## WHAT IS NEEDED
Look in the data below for the line that has "한국의 자립예탁금 제도를", then print exactly every line from there through the line that has "Extraflame Virna Idro", leaving pictures out.

## RECORDS SHOWN
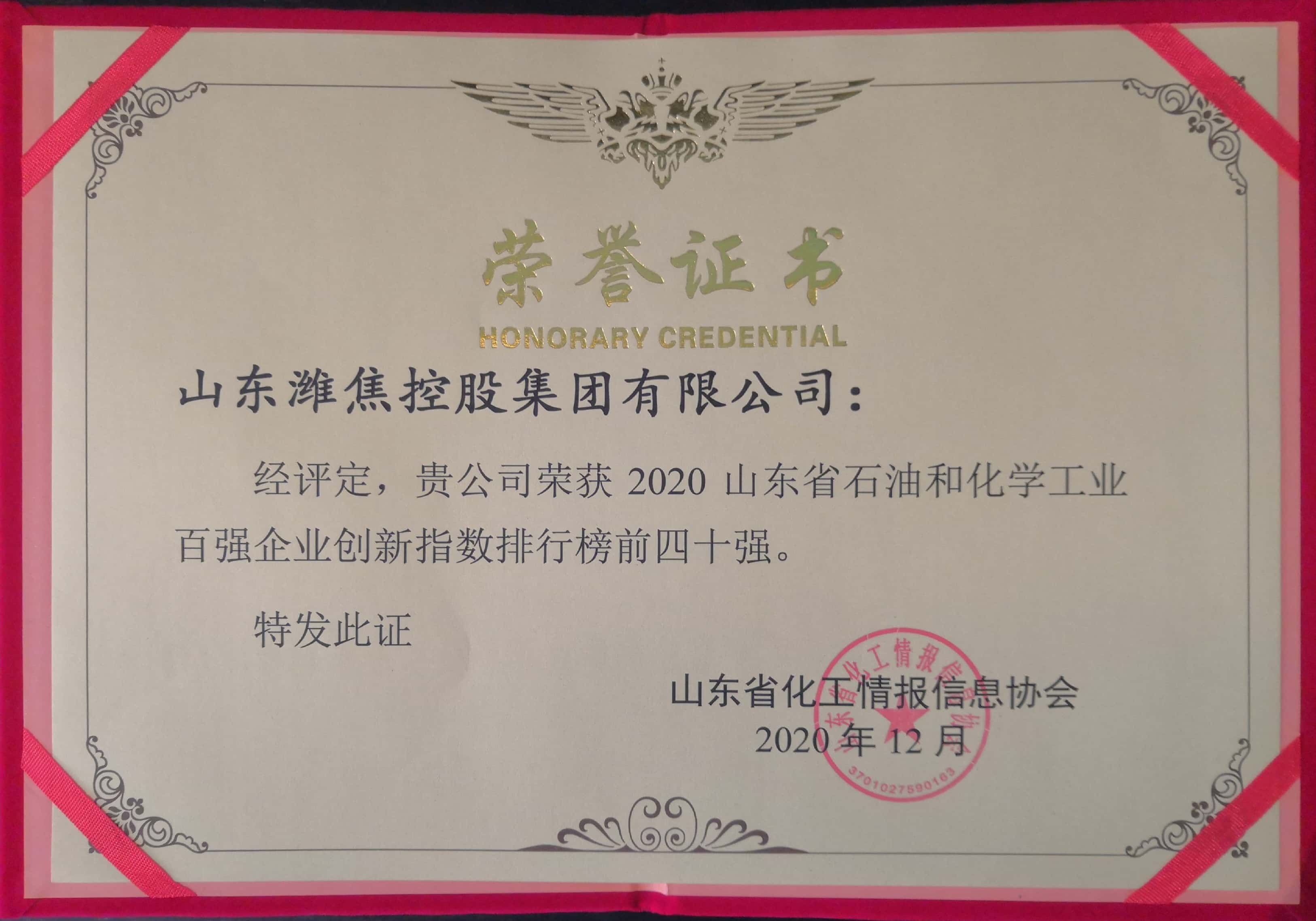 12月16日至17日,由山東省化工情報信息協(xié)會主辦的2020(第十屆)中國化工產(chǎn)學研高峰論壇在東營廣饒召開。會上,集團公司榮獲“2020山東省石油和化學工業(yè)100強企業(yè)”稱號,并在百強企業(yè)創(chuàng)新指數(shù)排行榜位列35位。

==

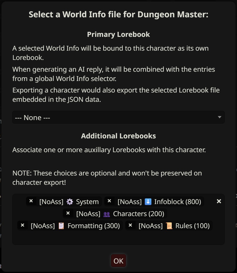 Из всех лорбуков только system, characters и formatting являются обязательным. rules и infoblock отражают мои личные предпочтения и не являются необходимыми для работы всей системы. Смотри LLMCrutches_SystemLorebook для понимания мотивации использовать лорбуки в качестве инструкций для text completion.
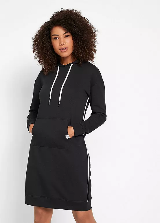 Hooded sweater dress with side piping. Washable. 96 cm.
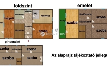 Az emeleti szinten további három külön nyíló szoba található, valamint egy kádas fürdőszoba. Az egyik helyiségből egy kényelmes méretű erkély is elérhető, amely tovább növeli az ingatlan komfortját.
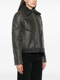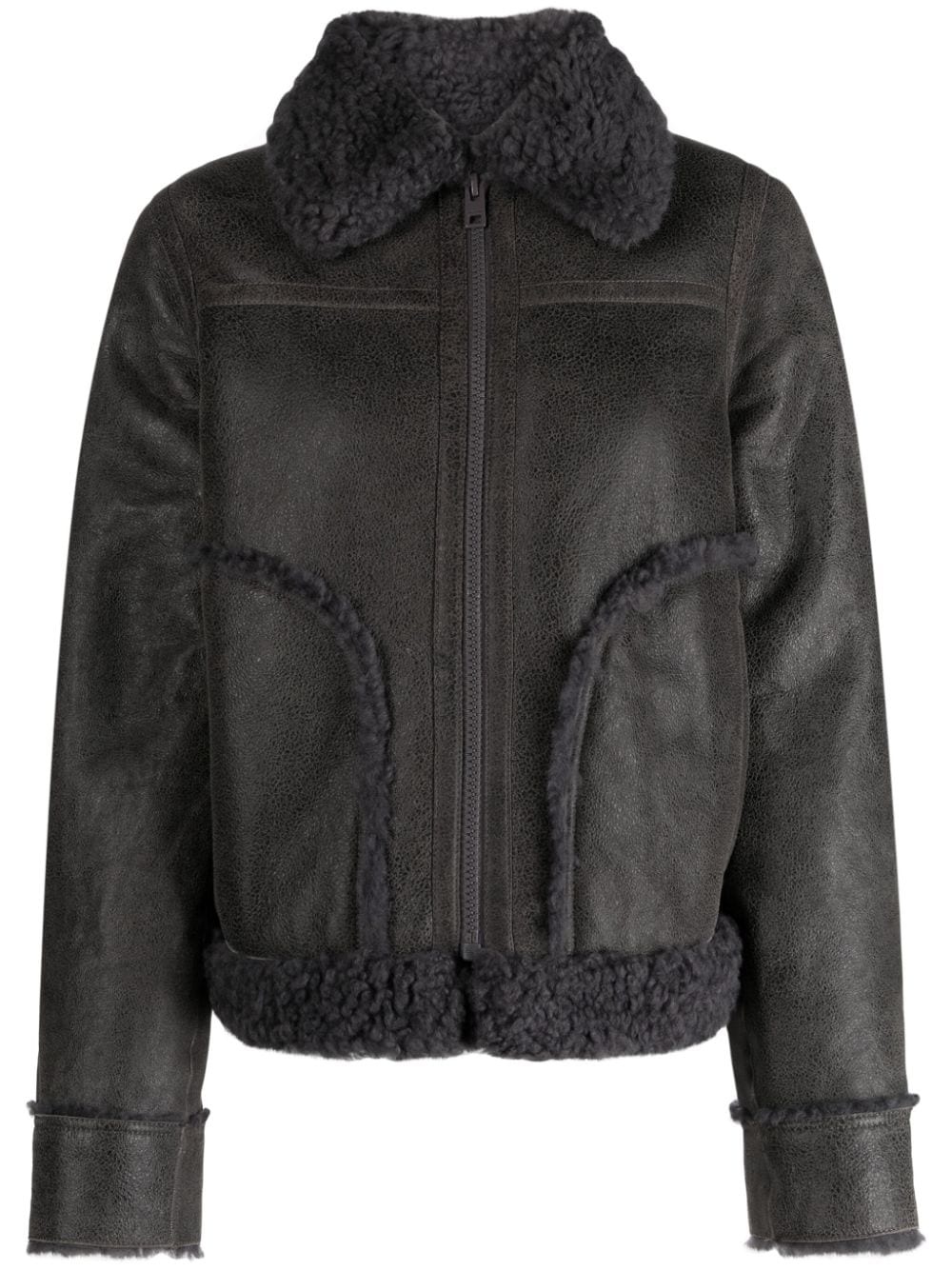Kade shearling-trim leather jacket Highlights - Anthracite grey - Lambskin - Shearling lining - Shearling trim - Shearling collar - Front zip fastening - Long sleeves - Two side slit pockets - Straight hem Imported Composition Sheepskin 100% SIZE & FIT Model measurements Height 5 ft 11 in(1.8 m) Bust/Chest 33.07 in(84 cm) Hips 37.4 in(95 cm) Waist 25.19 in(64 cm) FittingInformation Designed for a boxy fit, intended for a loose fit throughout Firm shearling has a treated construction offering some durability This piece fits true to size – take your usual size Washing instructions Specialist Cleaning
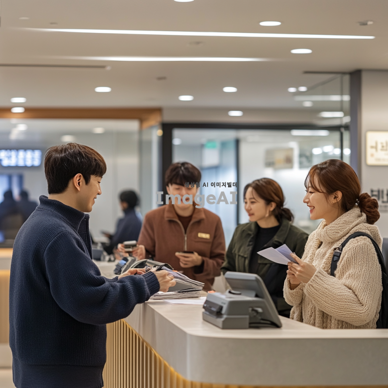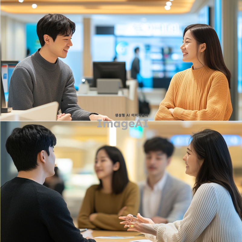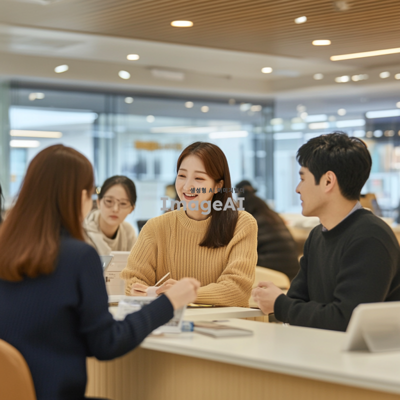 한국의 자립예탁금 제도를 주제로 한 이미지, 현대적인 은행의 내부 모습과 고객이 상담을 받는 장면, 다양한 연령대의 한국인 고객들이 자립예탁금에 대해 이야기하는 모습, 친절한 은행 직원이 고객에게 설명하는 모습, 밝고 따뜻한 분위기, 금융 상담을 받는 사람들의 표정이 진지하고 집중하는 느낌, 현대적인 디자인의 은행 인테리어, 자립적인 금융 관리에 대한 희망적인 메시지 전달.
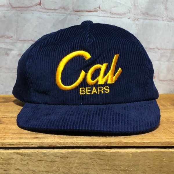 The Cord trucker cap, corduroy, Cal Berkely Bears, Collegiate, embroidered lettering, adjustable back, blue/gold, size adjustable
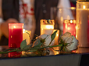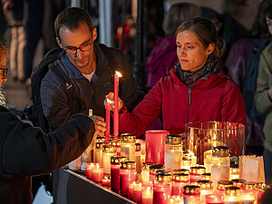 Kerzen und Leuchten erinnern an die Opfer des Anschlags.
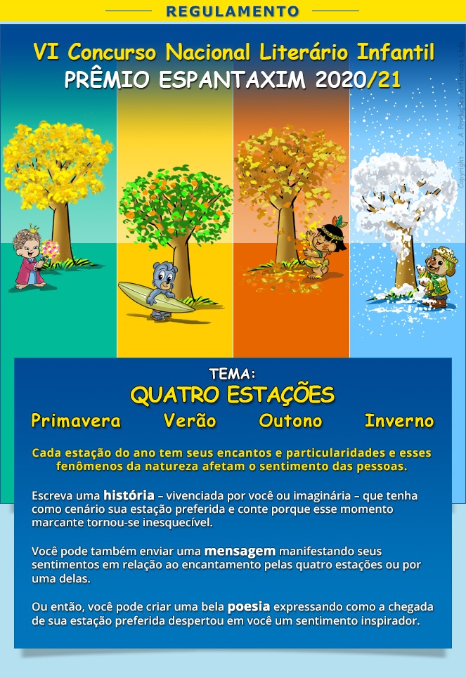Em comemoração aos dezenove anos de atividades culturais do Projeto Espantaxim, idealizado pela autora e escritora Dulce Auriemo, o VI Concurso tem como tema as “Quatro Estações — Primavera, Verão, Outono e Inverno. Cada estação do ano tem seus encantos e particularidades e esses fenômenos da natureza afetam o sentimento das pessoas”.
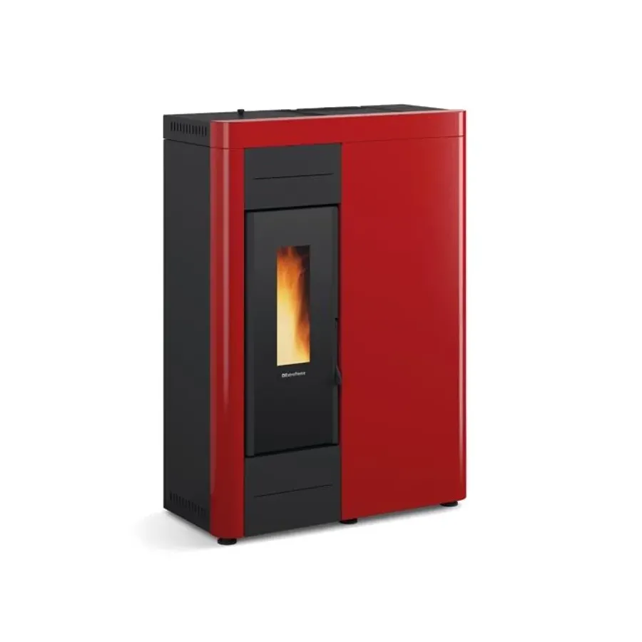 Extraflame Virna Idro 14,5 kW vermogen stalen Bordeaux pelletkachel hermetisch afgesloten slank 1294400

## SOLUTION TO THIS PROBLEM
 한국의 자립예탁금 제도를 주제로 한 이미지, 현대적인 은행의 내부 모습과 고객이 상담을 받는 장면, 다양한 연령대의 한국인 고객들이 자립예탁금에 대해 이야기하는 모습, 친절한 은행 직원이 고객에게 설명하는 모습, 밝고 따뜻한 분위기, 금융 상담을 받는 사람들의 표정이 진지하고 집중하는 느낌, 현대적인 디자인의 은행 인테리어, 자립적인 금융 관리에 대한 희망적인 메시지 전달.
 The Cord trucker cap, corduroy, Cal Berkely Bears, Collegiate, embroidered lettering, adjustable back, blue/gold, size adjustable
 Kerzen und Leuchten erinnern an die Opfer des Anschlags.
Em comemoração aos dezenove anos de atividades culturais do Projeto Espantaxim, idealizado pela autora e escritora Dulce Auriemo, o VI Concurso tem como tema as “Quatro Estações — Primavera, Verão, Outono e Inverno. Cada estação do ano tem seus encantos e particularidades e esses fenômenos da natureza afetam o sentimento das pessoas”.
 Extraflame Virna Idro 14,5 kW vermogen stalen Bordeaux pelletkachel hermetisch afgesloten slank 1294400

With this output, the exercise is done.